Once the database has been restored edit the database settings within /var/www/ghost/config.production.json
and change the host
from 'localhost' to the IP address of the droplet. If your Ghost Droplet is on the same private network as the MySQL Droplet use the private network address.
When the configuration file has been changed stop the MySQL service on the Ghost droplet using service mysql stop
. The blog should still load with all the content as before. This is now communicating with the separate database droplet.
Step 2 — Creating the load balancer and additional Droplets
The second Ghost droplet should be created from a snapshot of the existing droplet. It is recommended that Droplets are powered off during the snapshot process. This provides you with the perfect opportunity to create and introduce the load balancer, and re-point the DNS from the Droplet to the load balancer.
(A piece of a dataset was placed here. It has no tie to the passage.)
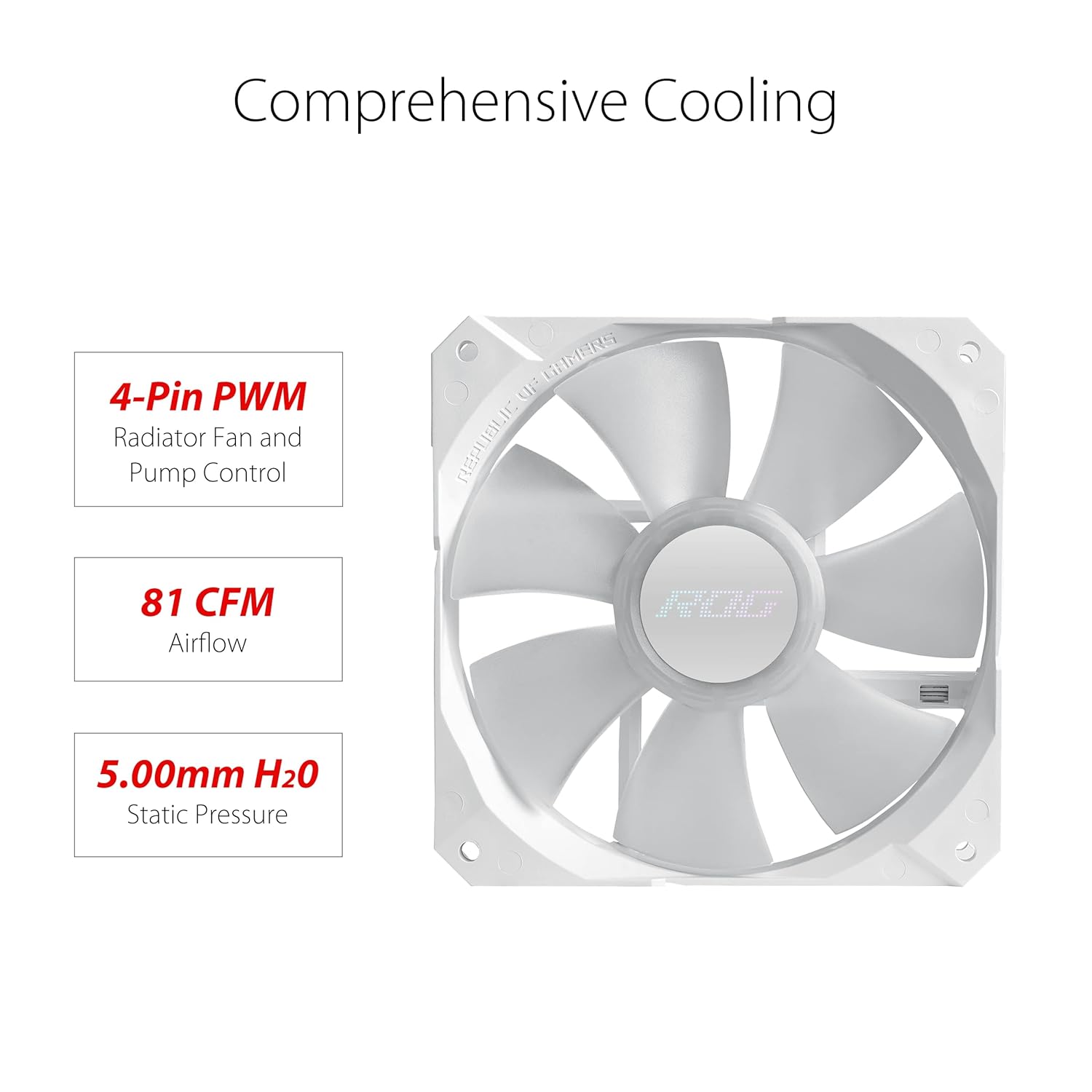 - Ventiladores de radiador ARGB diseñados por ROG para un flujo de aire optimizado y presión estática
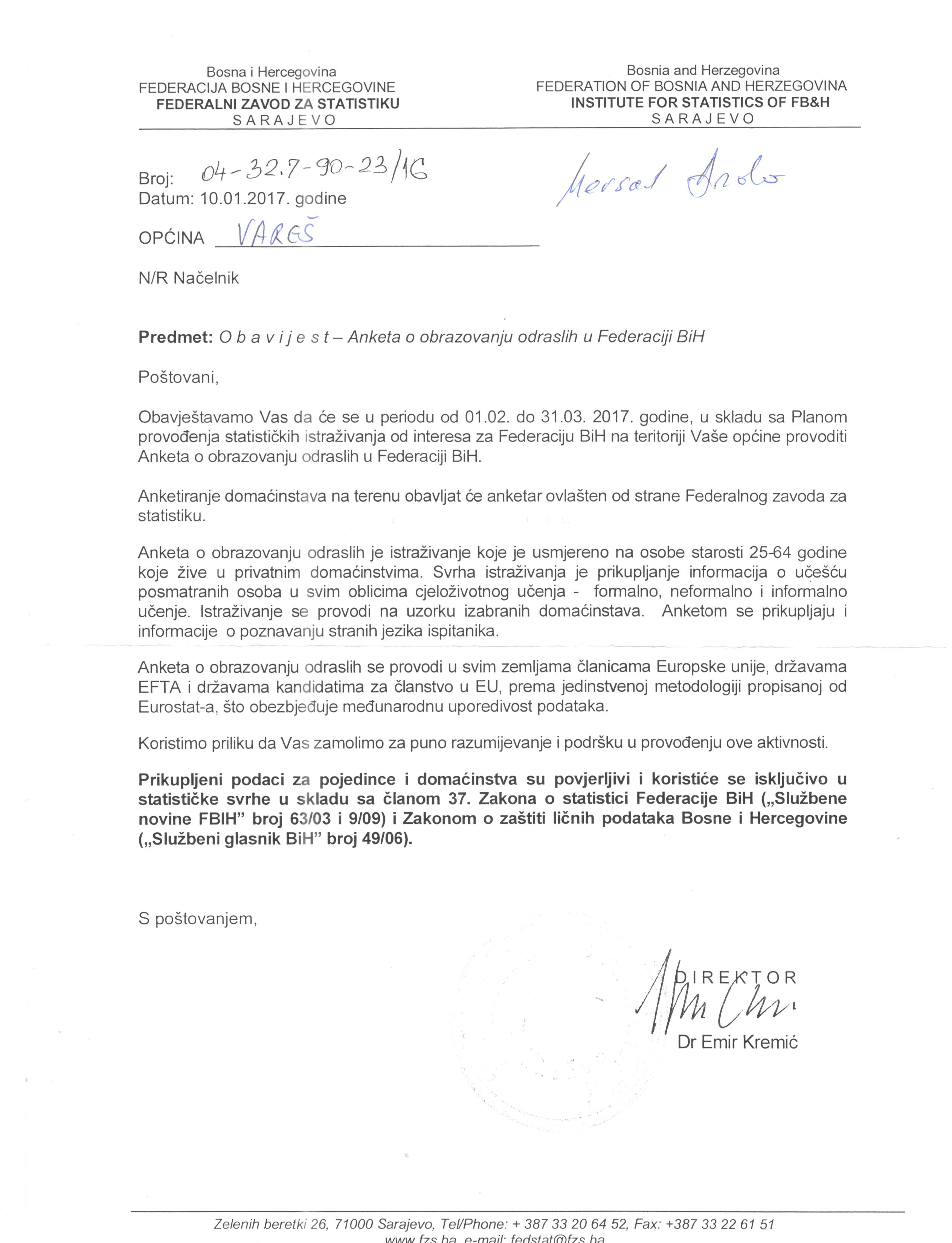 Obavještavamo Vas da će se u periodu od 01.02. do 31.03. 2017. godine, u skladu sa Planom provođenja statističkih istraživanja od interesa za Federaciju BiH na teritoriji Vaše općine provoditi Anketa o obrazovanju odraslih u Federaciji BiH.

Assign the first droplet to the load balancer and start the Droplet.
Once it is online and traffic is being routed correctly, bring the second Droplet online. When the second droplet is showing as online within the load balancer, remove the first one from the load balancer again. All traffic should then be routed directly to the second Droplet, and the blog should be no different from when it was being served by the first Droplet. When you have verified the site is working the same on both Droplets, bring the first Droplet back online.
Repeat this step to add a third droplet.
Step 3 — Adding Volume Storage and using GlusterFS
At this point, there are three separate instances of the blog which share the same database. With there being multiple instances, if you upload an image to the blog, it will only be uploaded to one of the servers. This will lead to 404 errors for images if the site visitor loads the page on a server which doesn't have the file. To get around this issue you can use clustered volume storage.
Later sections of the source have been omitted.